The Johns Hopkins Gazette: September 8, 1998
September 8, 1998
VOL. 27, NO. 42

  

"Your Heart Needs Exercise, Use the Stairs"

By Sandy Reckert
Bayview Medical Center
Johns Hopkins Gazette Online Edition

Researchers at Bayview Medical Center have found that inexpensive signs can encourage stair use, as reported in the September issue of the Annals of Internal Medicine. Signs promoting the health and weight control benefits of stair use were placed beside escalators with adjacent stairs in a Baltimore area shopping mall. Overall findings demonstrated that stair use increased significantly from 4.8 to 6.9 percent with the health sign (Your Heart Needs Exercise, Use the Stairs) and from 4.8 to 7.2 percent with the sign touting the benefits of using the stairs for weight control (Improve Your Waistline, Use the Stairs).

According to Ross Andersen, principal investigator of the study, the U.S. surgeon general recommends that all Americans should accumulate 30 minutes or more of moderate-intensity physical activity on most or all days of the week. "Stair climbing and walking are two of the best and most practical ways for people to become more active," Andersen said.

The study, which took part in three phases, began with an initial baseline assessment of stair vs. escalator use without signs. In the second phase, the heart health benefits sign was placed on an easel beside the escalator/stairs, and in the third phase the weight control sign replaced the health benefits sign. During this three-month study, the habits of 17,901 shoppers were observed.

Researchers examined trends among shoppers of different ages, races, genders and body weights.

Older people (40 years of age and above) responded better to the signs than the younger age group. While older people more than doubled their stair use with the weight control sign (4.1 to 8.7 percent), the younger group only increased from 4.6 to 6.1 percent. Similar patterns emerged with the heart health sign: Older people went from 5.1 to 8.1 percent, and the younger age group's stair use went from 4.6 to 6 percent.

When shoppers were observed by race, researchers discovered that stair use significantly increased among Caucasians for both the heart health sign (5.1 percent to 7.5 percent) and the weight sign (5.0 to 7.8 percent). Signage made no appreciable difference in the African American population; stair-climbing patterns in response to the weight control sign went from 4.1 to 5.1 percent and actually decreased from 4.1 to 3.4 percent with the heart health sign.

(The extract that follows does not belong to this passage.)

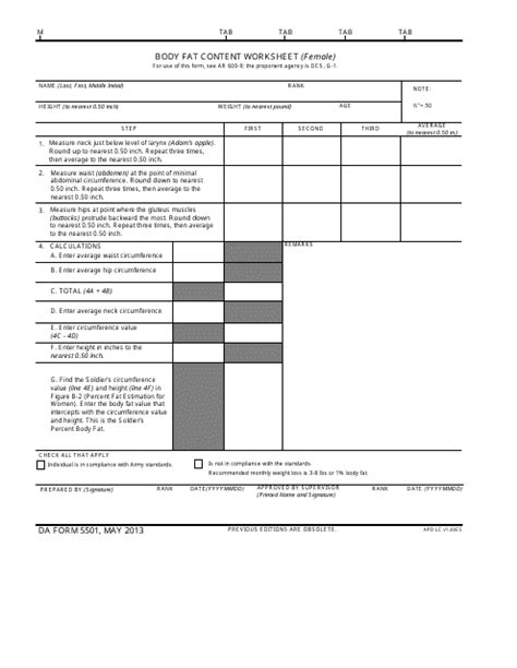 Web to properly complete the female body fat content worksheet, da form 5501, aug 2006, you will need a copy of the army regulation to reference the required. Web a fillable da 5501 form is completed by the us army to document the body fat of both active duty female soldiers and female recruits. Pdffiller allows users to edit, sign, fill & share all type of documents online. Edit, sign and save da 5500 form. Formal and informal counseling sessions. Soldiers will be measured for body fat in stocking. Web the da form 5501, or the army physical fitness test (apft) body fat content worksheet for females, is an important form for helping to assess the body fat. As the name indicates, the da forms are issued from. Body fat content worksheet (male) measure abdomen. Da 7906 individual development plan (idp) when: Some forms' pdf file may require download.

A lack of general response to the signs by African Americans was both surprising and a cause for concern. This tendency was especially disturbing given that almost one in two African American women are now overweight. Even more troubling is the prevalence of hypertension and cardiovascular disease among African Americans.

In the future, researchers at Bayview hope to conduct focus groups within the African American community to develop tailored signs or other interventions that would encourage physical activity.

"It's promising to see that inexpensive signs can encourage shoppers to use the stairs instead of taking the escalator," Andersen said. "Our next challenge is to determine what will motivate a greater percentage of the population."